Furthermore, confidence in fetal health assessment using EFM was measured using three questions. For each question, a response of “strongly confident” and “not confident at all” accounts for 10 and 0 points, respectively. A higher total score indicates a higher level of confidence. The reliability of the instrument was Cronbach's α = 0.91.
In this study, interest in education, assistance for self-directed learning, and feedback satisfaction were measured using numerical rating scales. For each question, assessing interest in education, a response of “strongly confident” and “not confident at all” accounts for 10 and 0 points, respectively. A higher total score indicates a higher level of interest in education. Moreover, for each question assessing assistance for self-directed learning, a response of “very helpful” and “not helpful at all” account for 10 and 0 points, respectively. A high score indicates a high level of self-directed learning Finally, for each question assessing feedback satisfaction, a response of “very satisfied” and “not satisfied at all” account for 10 and 0 points, respectively. A higher total score indicates a higher level of feedback satisfaction.
Data collection
Data were collected between November 3 and 16, 2021. Due to the recurrence of COVID-19, this study was conducted using non-face-to-face video lectures.

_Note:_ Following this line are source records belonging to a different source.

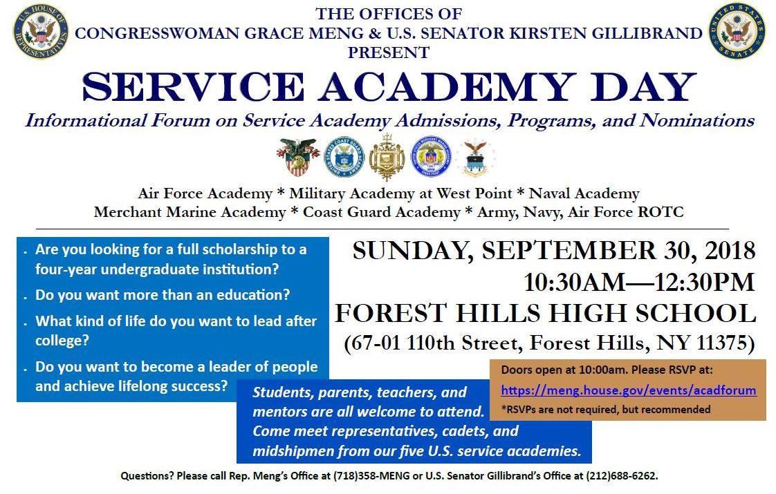 Sunday, September 30 from 10:30am to 12:30pm at Forest Hills High School. For students interested in attending one of the US Service Academies. Open to the public.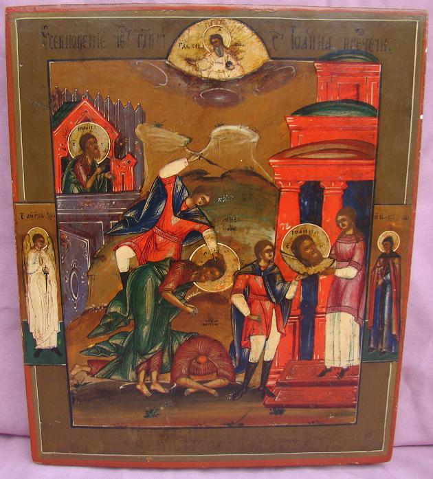 Enthauptung Johannes des Täufers.Russisch,19.Jahrhundert (um 1850-1870).37x30cm.Links der Schutzengel,rechts eine weibliche Heilige.Oben Gottvater in einer Wolkenbank.Sehr gut erhaltene Ikone.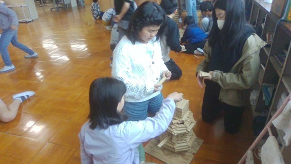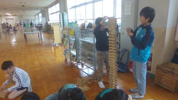 カプラをしている子どもたちは、一枚の木の板を友だちと工夫して積み上げていました。日頃からしているようで慣れていて、とても高いものができました。

The experimental and control groups completed an online pre-test questionnaire prior to the commencement of the video lectures. The experimental group attended both the video and chatbot lectures, whereas the control group only attended the video lectures. A video lecture was approximately 32 min long with a professor delivering a unidirectional lecture without obtaining feedback. The learning goals of these video lectures were as follows: 1) explaining the purpose and method of EFM, 2) interpreting the results of EFM during labor, 3) understanding the purpose of the nonstress test and performing it by manipulating the device, 4) explaining the purpose, method, and results of the contraction stress test, and 5) applying nursing procedures in the presence of fetal distress. The control group submitted the post-test questionnaires online after the video lectures, following which, they were allowed to attend the chatbot lectures. Meanwhile, the experimental group submitted the post-test questionnaires after the video and chatbot lectures.
Statistical analysis
Collected data were analyzed using SPSS/WIN 23. A Shapiro–wilk test was performed to test the normality of variables before applying the program. Pre-test homogeneity testing of the participants’ general characteristics and measurement variables was performed using chi-squared tests, Fisher’s exact tests, and t-tests. After the intervention, independent t-tests were performed to compare the differences in knowledge, clinical reasoning competency, interest in education, self-directed learning, and feedback satisfaction between the experimental and control groups.
Ethical considerations
This study was conducted after obtaining an approval from the Institutional Review Board of Dongnam Health University (1044371–202109-HR-006–01). Instructions on study participation and a consent form were attached to the questionnaire, and data were collected after explaining the study to the participants. The consent form provided information regarding voluntary participation, assurance of confidentiality, and the scope of the application of the study’s results. Moreover, the participants were assured that they could withdraw participation at any time and it would not affect their grades. Additionally, they were informed that the program would not invade their privacy.